For the records below, copy exactly the span that begins at the line containing "Forças militares turcas atravessaram" and stops after the line containing "当天,俄罗斯联邦航空运输署发", minus any pictures.

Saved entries
━━━━━━

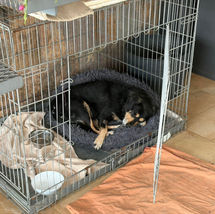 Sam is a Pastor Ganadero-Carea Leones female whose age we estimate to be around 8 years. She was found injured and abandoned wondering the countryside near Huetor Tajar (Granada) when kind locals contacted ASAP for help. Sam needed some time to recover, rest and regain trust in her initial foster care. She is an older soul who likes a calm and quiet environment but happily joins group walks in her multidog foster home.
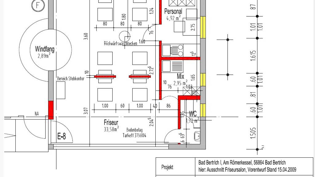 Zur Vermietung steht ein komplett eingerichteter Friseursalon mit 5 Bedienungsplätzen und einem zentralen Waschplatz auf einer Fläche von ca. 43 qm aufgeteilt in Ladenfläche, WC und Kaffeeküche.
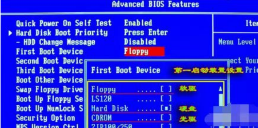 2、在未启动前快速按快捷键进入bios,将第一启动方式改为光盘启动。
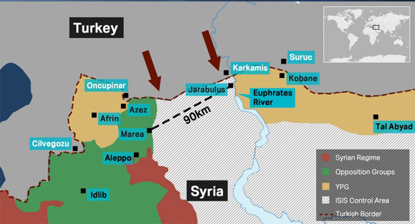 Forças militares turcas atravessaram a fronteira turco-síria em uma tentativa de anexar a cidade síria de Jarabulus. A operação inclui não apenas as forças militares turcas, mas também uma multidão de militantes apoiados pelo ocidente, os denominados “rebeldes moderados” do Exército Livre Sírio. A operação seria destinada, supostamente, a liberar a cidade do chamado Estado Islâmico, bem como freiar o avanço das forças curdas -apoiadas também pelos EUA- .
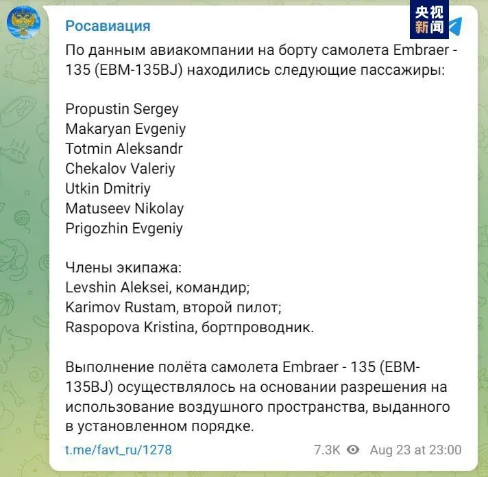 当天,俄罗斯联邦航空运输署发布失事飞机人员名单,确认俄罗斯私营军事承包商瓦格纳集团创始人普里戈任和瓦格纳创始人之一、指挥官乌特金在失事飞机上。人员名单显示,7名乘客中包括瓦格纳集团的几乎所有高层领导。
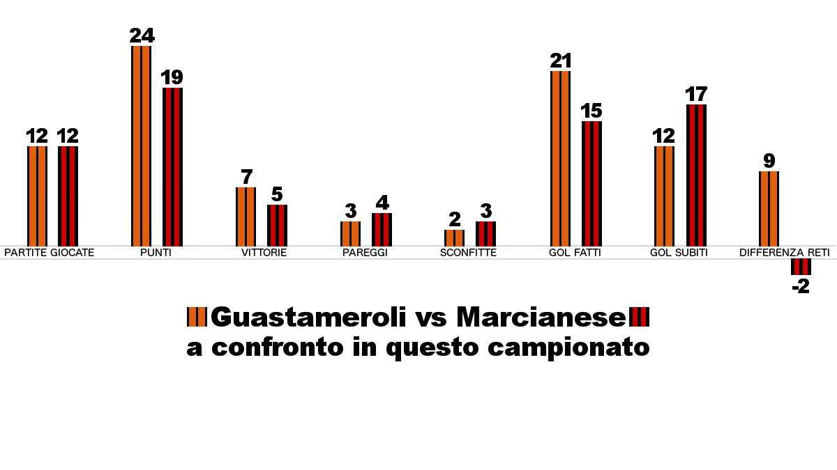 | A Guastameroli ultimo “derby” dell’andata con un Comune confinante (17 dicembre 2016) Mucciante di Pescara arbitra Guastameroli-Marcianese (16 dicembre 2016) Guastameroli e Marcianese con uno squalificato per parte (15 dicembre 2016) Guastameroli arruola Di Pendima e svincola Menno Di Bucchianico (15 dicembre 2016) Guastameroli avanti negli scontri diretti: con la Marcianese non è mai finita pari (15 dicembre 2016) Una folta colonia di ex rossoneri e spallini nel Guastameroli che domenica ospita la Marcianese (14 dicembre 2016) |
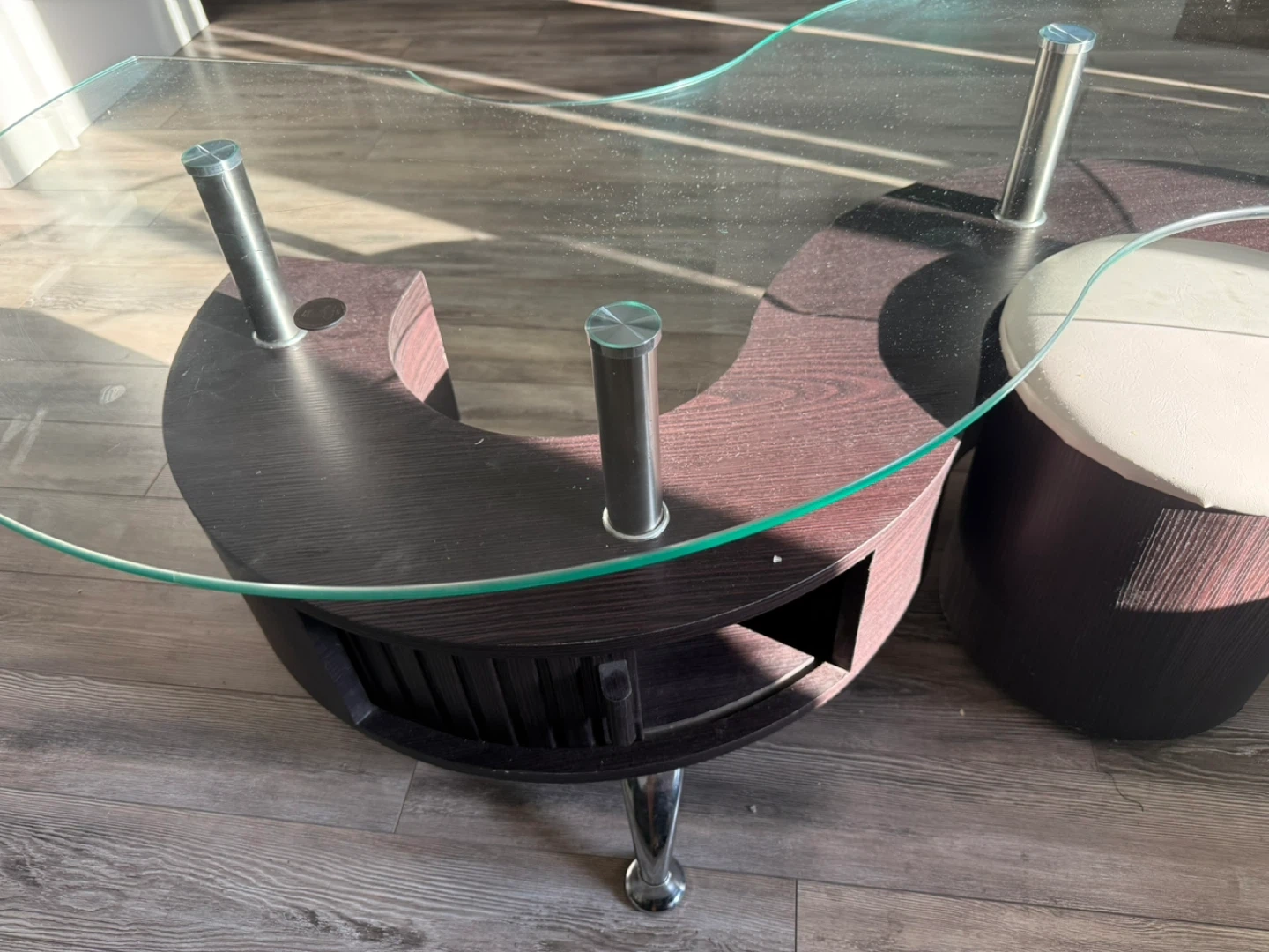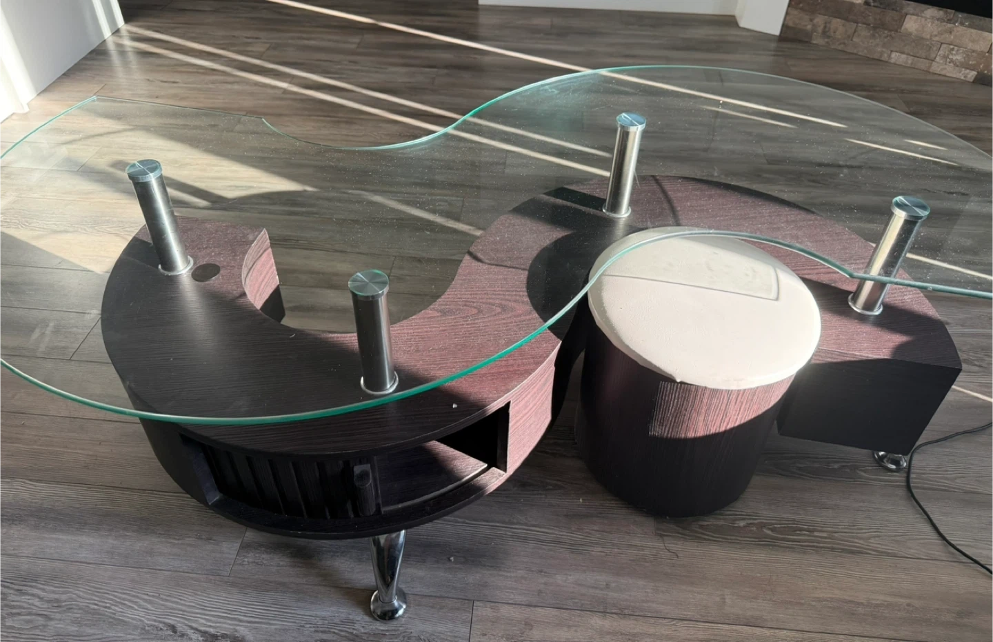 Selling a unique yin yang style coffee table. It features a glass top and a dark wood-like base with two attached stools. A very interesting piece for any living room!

━━━━━━

● **Response to the exercise**
 Forças militares turcas atravessaram a fronteira turco-síria em uma tentativa de anexar a cidade síria de Jarabulus. A operação inclui não apenas as forças militares turcas, mas também uma multidão de militantes apoiados pelo ocidente, os denominados “rebeldes moderados” do Exército Livre Sírio. A operação seria destinada, supostamente, a liberar a cidade do chamado Estado Islâmico, bem como freiar o avanço das forças curdas -apoiadas também pelos EUA- .
 当天,俄罗斯联邦航空运输署发布失事飞机人员名单,确认俄罗斯私营军事承包商瓦格纳集团创始人普里戈任和瓦格纳创始人之一、指挥官乌特金在失事飞机上。人员名单显示,7名乘客中包括瓦格纳集团的几乎所有高层领导。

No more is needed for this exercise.